The snare sound also has some sort of gating on it, but you can clearly hear the Harmonizer on the first snare hits. The H910 was set to a downshift setting of around -1 semitone, and the feedback was turned up to get the quick delays that shoot down in pitch.

One of my personal favorite examples of harmonizer (ab)use is “Duck Stab” by The Residents. Practically every song on this record uses harmonizer feedback, either for generating a detuned chorus on the vocal, or a minor third transposition with feedback to create “dimished” harmonies. Enjoy the following super creepy video while listening to the nifty pitch shifting tricks.

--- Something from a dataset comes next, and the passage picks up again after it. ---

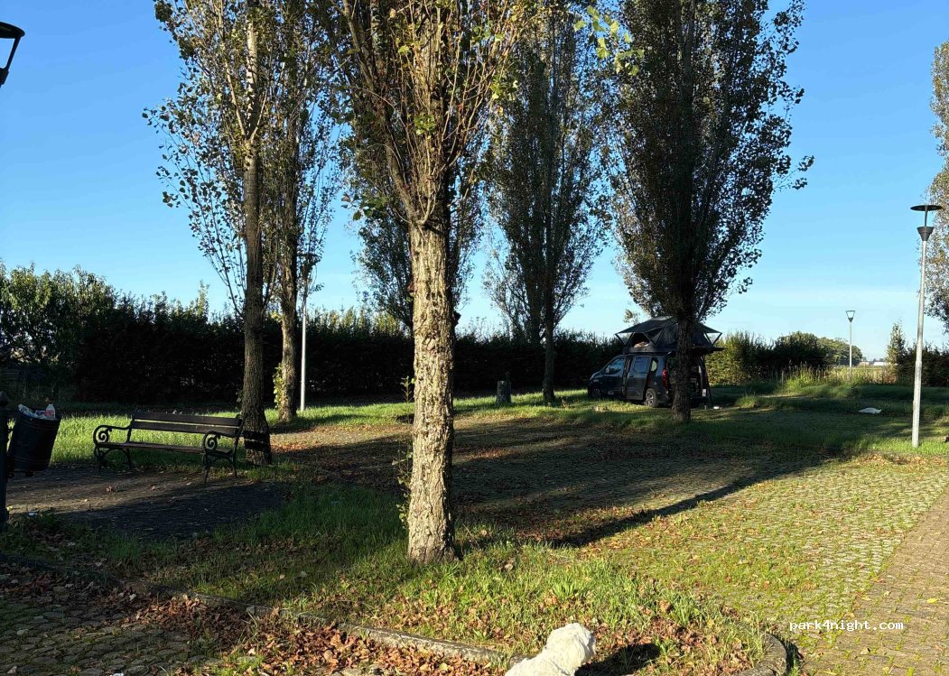 Grote parkeerplaats nabij Villa Verdi. Toiletten, vuilnisbakken.

The first digital pitch shifter: Lexicon Varispeech

When I was planning my “editorial calendar” for the next few weeks, I had planned on discussing the Eventide H910 Harmonizer as the “first digital pitch shifter.” I even described the H910 as such in an earlier blog post. However, it turns out I was wrong. The Lee article that I discussed in my previous post describes what is probably the first commercially available pitch shifter, the Lexicon Varispeech:

The Lexicon Varispeech was introduced in 1972, a good 3 years before the H910.  The Lexicon Pro website makes only passing mention of the device, describing it as a “Lexicon product for the language instruction market.” Fortunately, the Obsoletetechnology blog has a nice overview of the device, including photos, gutshots, and sound examples. The following image is taken directly from the aforementioned blog post, which you really should read:

Interestingly enough, for a device that was marketed as being used for speech and time compression, the Varispeech 27Y has a feedback knob. This is solely for use as a special effect, and was prominently featured on the H910 and H949 harmonizers of later years. I am uncertain if this was in the 1972 Varispeech, or if the 27Y was the original Lexicon model or a later version. If anyone has any info, please contact me.

Chris Walla of Death Cab for Cutie describes his use of the Lexicon Varispeech in an EQ Mag interview, where he also notes the incongruity of the feedback knob on a device used for time compression and expansion:

There was a lot of speech pathology research developed at Lexicon that was cross-purposed into pro audio. The Varispeech was originally intended to help stroke victims and people with speech disorders. The idea was that you could slow down a conversation at regular pitch but keep pitch where it was so that people could practice figuring out how to reconnect their mouth and their brain.

There was this weird period where [Lexicon was] screwing around with it; I got one that had a feedback knob, which as far as I can tell is completely useless for speech pathology, but it makes everything sound like Doctor Who, which is awesome.

It sounds great under the snare drum, and Tegan’s vocals run through it on ‘The Cure’ when she does the ‘Oh, uh oh, uh oh’ thing. The Varispeech is a really cool chorus-y, flange-y thing if you set it up that way. But it’s a speaker destroyer, too. It’s an old [’70s] effect, and Lexicon wasn’t worried about being sued by guys who were like, ‘You blew up my guitar amp, dude!’